### RECORDED DATA
------------------------------------------------

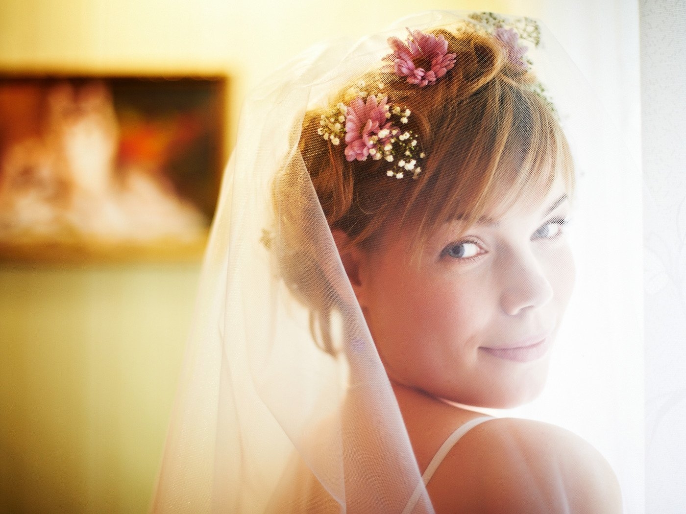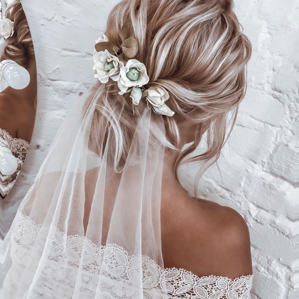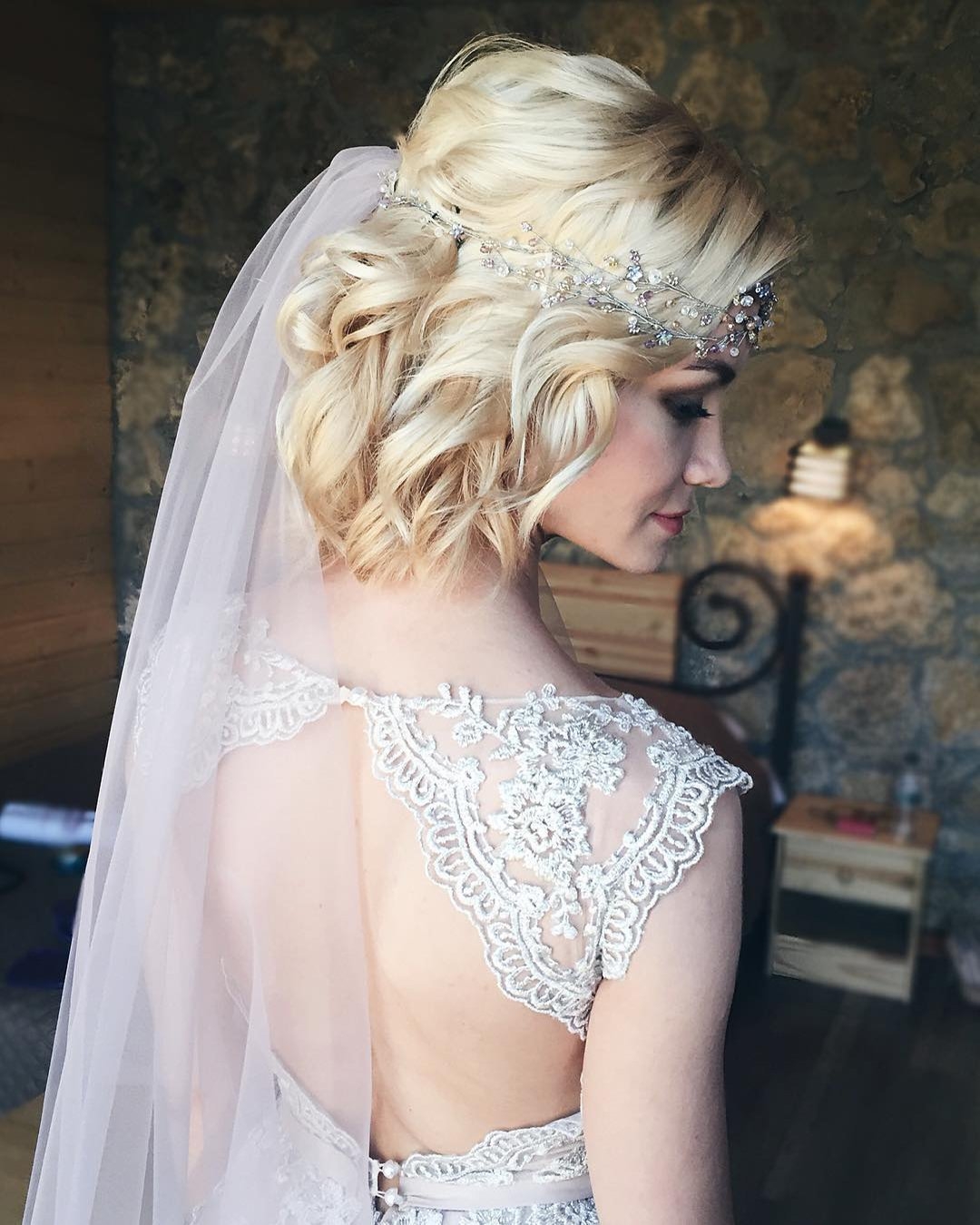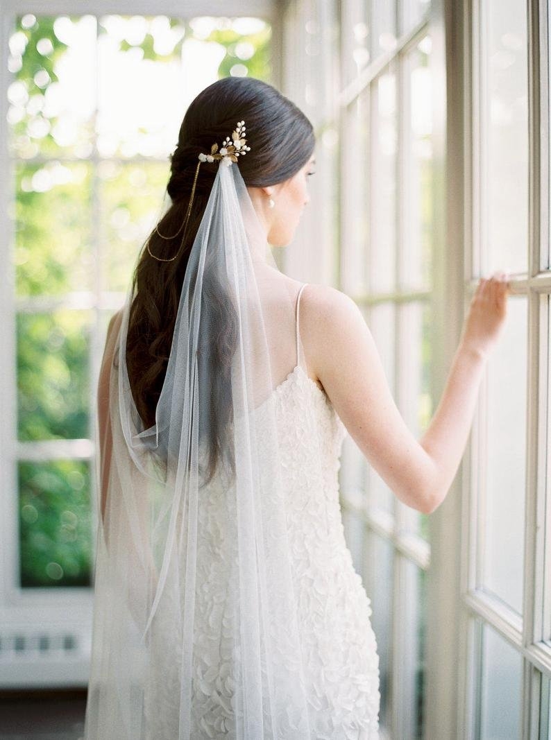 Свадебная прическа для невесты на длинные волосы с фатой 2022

------------------------------------------------

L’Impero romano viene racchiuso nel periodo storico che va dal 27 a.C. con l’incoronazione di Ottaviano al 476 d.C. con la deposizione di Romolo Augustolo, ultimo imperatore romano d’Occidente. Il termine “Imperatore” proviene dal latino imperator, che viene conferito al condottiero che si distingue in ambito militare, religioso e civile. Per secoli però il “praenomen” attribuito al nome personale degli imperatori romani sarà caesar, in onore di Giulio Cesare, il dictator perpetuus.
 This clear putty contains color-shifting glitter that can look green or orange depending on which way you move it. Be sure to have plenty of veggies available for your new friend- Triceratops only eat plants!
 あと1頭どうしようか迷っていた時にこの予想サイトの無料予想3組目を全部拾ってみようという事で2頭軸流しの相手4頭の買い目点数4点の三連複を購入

------------------------------------------------

### EXERCISE AIM
What is needed is a verbatim copy of every line in the records above from the one containing "This clear putty" down to the one containing "あと1頭どうしようか迷ってい", both included, and nothing more.

### RESPONSE TO THIS EXERCISE
 This clear putty contains color-shifting glitter that can look green or orange depending on which way you move it. Be sure to have plenty of veggies available for your new friend- Triceratops only eat plants!
 あと1頭どうしようか迷っていた時にこの予想サイトの無料予想3組目を全部拾ってみようという事で2頭軸流しの相手4頭の買い目点数4点の三連複を購入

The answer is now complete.